- Elected: December 1253
- Term ended: 8 August 1258
- Predecessor: Robert Grosseteste
- Successor: Richard of Gravesend
- Other post: Dean of Lincoln

Orders
- Consecration: 17 May 1254

Personal details
- Died: 8 August 1258 Nettleham, Lincolnshire
- Denomination: Catholic

= Henry of Lexington =

Henry of Lexington (or Henry Lexington; died 1258) was a medieval Bishop of Lincoln.

==Life==

Henry held the prebend of Calne in the diocese of Salisbury before becoming treasurer of Salisbury by 13 January 1239. By January 1246 he was Dean of Lincoln.
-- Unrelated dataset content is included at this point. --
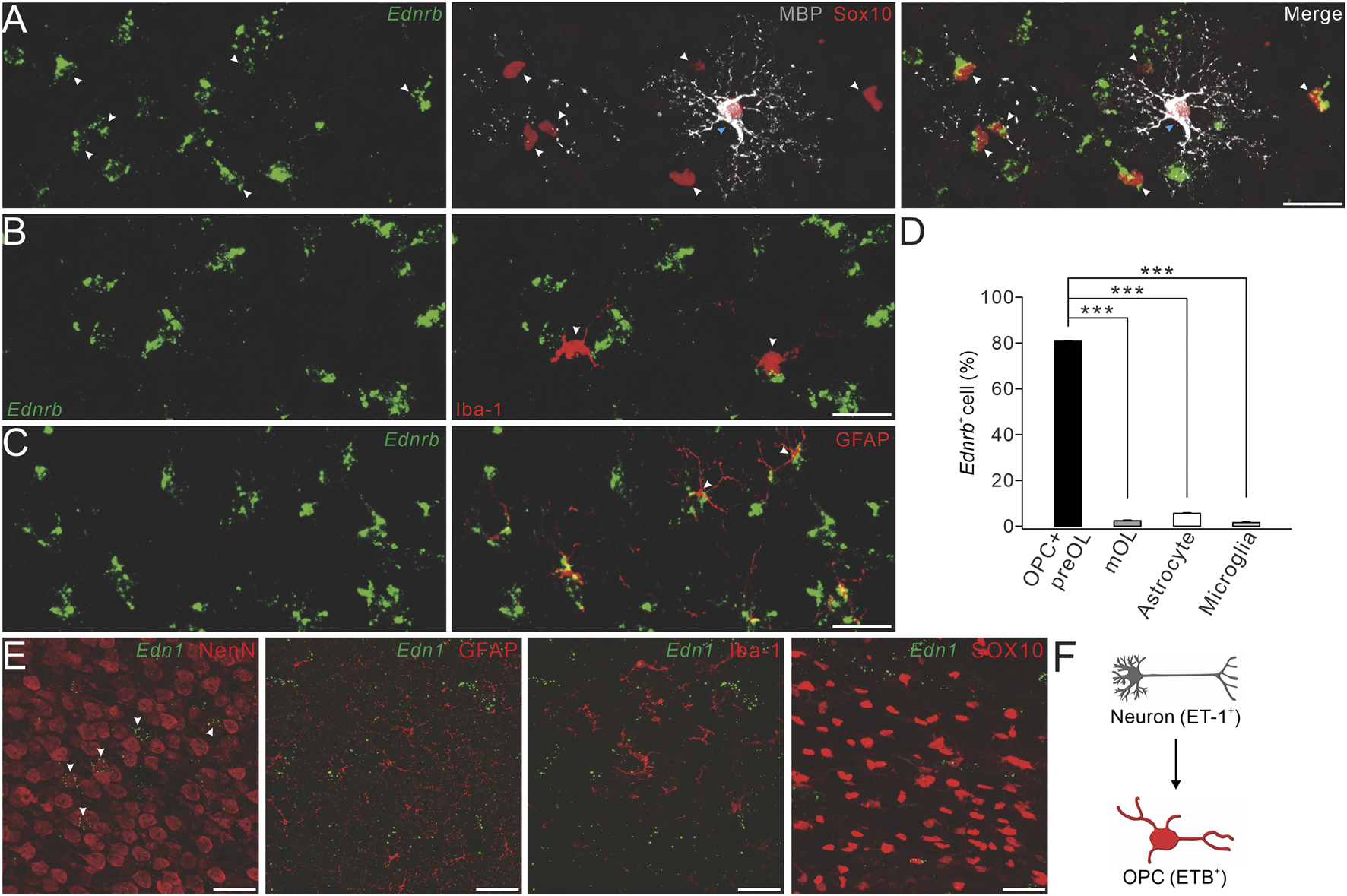 FIGURE 3. Expression of ETB and ET-1 in OPCs and neurons. (A) Representative control cerebral cortex section (P4) with Ednrb RNAScope probe and double-immunostaining of MBP and SOX10. White arrowheads, Ednrb+MBP−SOX10+ OPCs; and blue arrowheads, Ednrb−MBP+SOX10+ mature OLs (scale bar, 50 μm). (B) Ednrb RNAScope and immunostaining of Iba-1 in the control cerebral cortex (P4). Arrowheads, Ednrb−Iba-1+ microglia (scale bar, 50 μm). (C) Ednrb RNAScope and immunostaining of GFAP in control cerebral cortex (P4). Note that the arrowheads show Ednrb−GFAP+ astroglia (scale bar, 50 μm). (D) Percentages of Ednrb+ cells among OPCs and pre-OLs (80.8% ± 0.4%) and mature OLs (2.4% ± 0.3%; p < 0.001 vs. OPCs and pre-OLs), astrocytes (5.6% ± 0.3%; p < 0.001 vs. OPCs and pre-OLs), and microglia (1.6% ± 0.3%; p < 0.001 vs. OPCs and pre-OLs). (E) Representative Et-1 RNAScope and immunostaining of NeuN, GFAP, Iba-1, or SOX10 in the control cerebral cortex (P4). Arrowheads, Et-1+NeuN+ neurons (scale bars, 50 μm). (F) Schematic of the ET-1/ETB signaling module.

His father Richard had been a royal judge. Henry's brother Robert of Lexinton was also a judge, and his brother John was a knight and clerk of the royal household, at various times seneschal, envoy, and keeper of the seals. Another brother was Stephen of Lexington, a Cistercian monk and abbot of Clairvaux abbey.

Henry was elected to the see of Lincoln on either 21 or 30 December 1253 and consecrated on 17 May 1254, at London or possibly at Lambeth.

Henry died on 8 August 1258 at Nettleham near Lincoln.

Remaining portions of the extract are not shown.